Data transfer bottlenecks during model training delayed project timelines. "Given the size of the data sets and models involved, moving data between instances and across regions was time-consuming and prone to errors," says Tan. Their previous infrastructure didn’t allow them to scale resources up or down in real time, which led to underutilisation or overprovisioning, neither of which was cost-effective.
After exploring several options, they chose Google Cloud for its wide range of GPU configurations and flexible infrastructure. "Google Cloud allows us to start with smaller GPUs like the Nvidia T4 or L4 and easily scale up to more powerful options like A100s or H100s, depending on our needs," says Tan. Google Cloud's reliability avoided the system failures they had experienced with other services, helping them to train models without disruptions, which saved time, resources and costs.

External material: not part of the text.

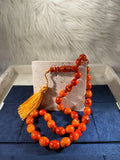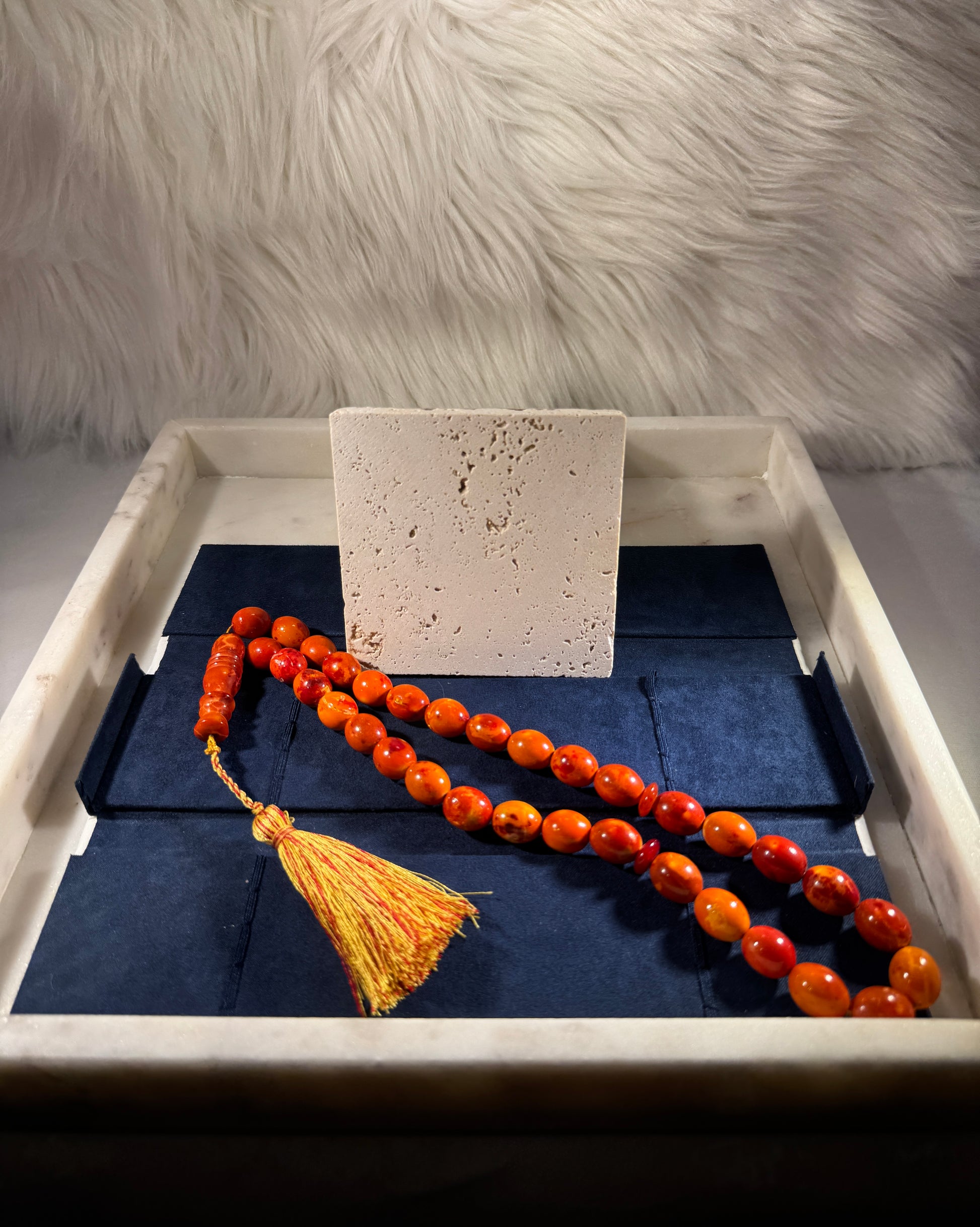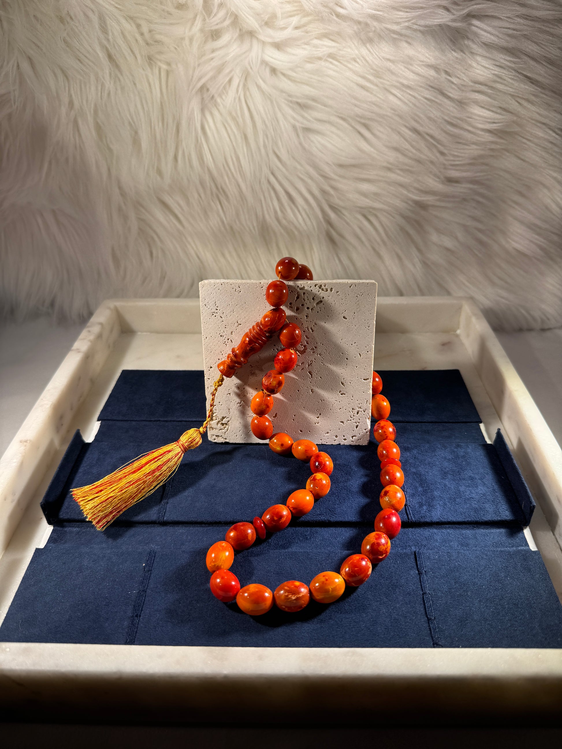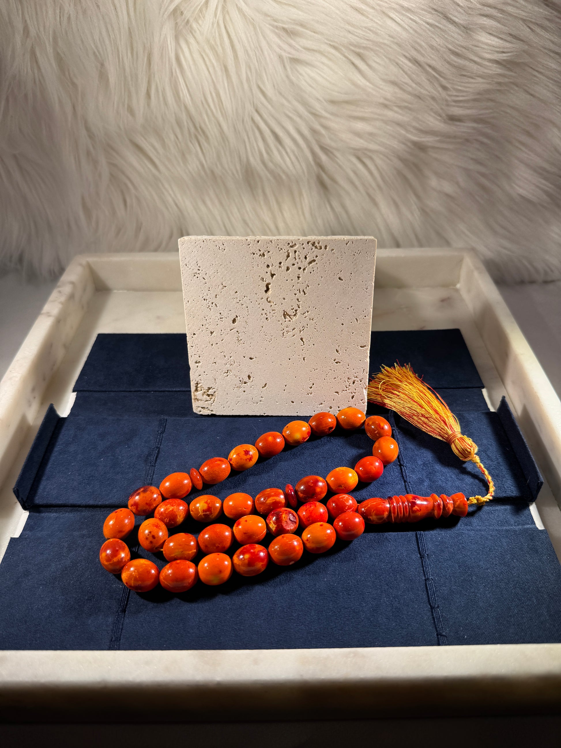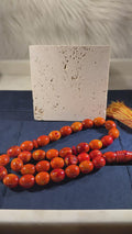This antique-style Baltic amber misbaha is a luxury prayer and meditation bead set crafted from natural amber. The warm reddish-golden tones and organic marbling patterns give each bead a unique, timeless beauty. Perfect for daily use, meditation, or as part of an amber collector’s display.

Google Cloud allows us to start with smaller GPUs like the Nvidia T4 or L4 and easily scale up to more powerful options like A100s or H100s, depending on our needs.
Calvin Tan
CTO and Co-founder, Pints.ai
"Google Cloud offers a very high degree of flexibility, such as selecting the number of GPUs from 1 all the way up to 8. Previous cloud providers didn’t offer this level of granularity — forcing us to start with a fixed number of GPUs," explains Tan. Being restricted to a few types of instances led to wastage, as some stages of code development didn’t fully use the GPUs that came with the fixed instances. With Google, we can start small and scale up as required.
By modulating the wide array of GPUs available on Google Cloud, the company began generating savings, particularly with the workforce. Calculated on a per-training-run basis, these savings accumulated rapidly, given the multiple runs performed for each project. With Google Cloud’s flexible pricing models, Pints.ai saved $4,600 per run on pre-training and $1,900 on fine-tuning and alignment.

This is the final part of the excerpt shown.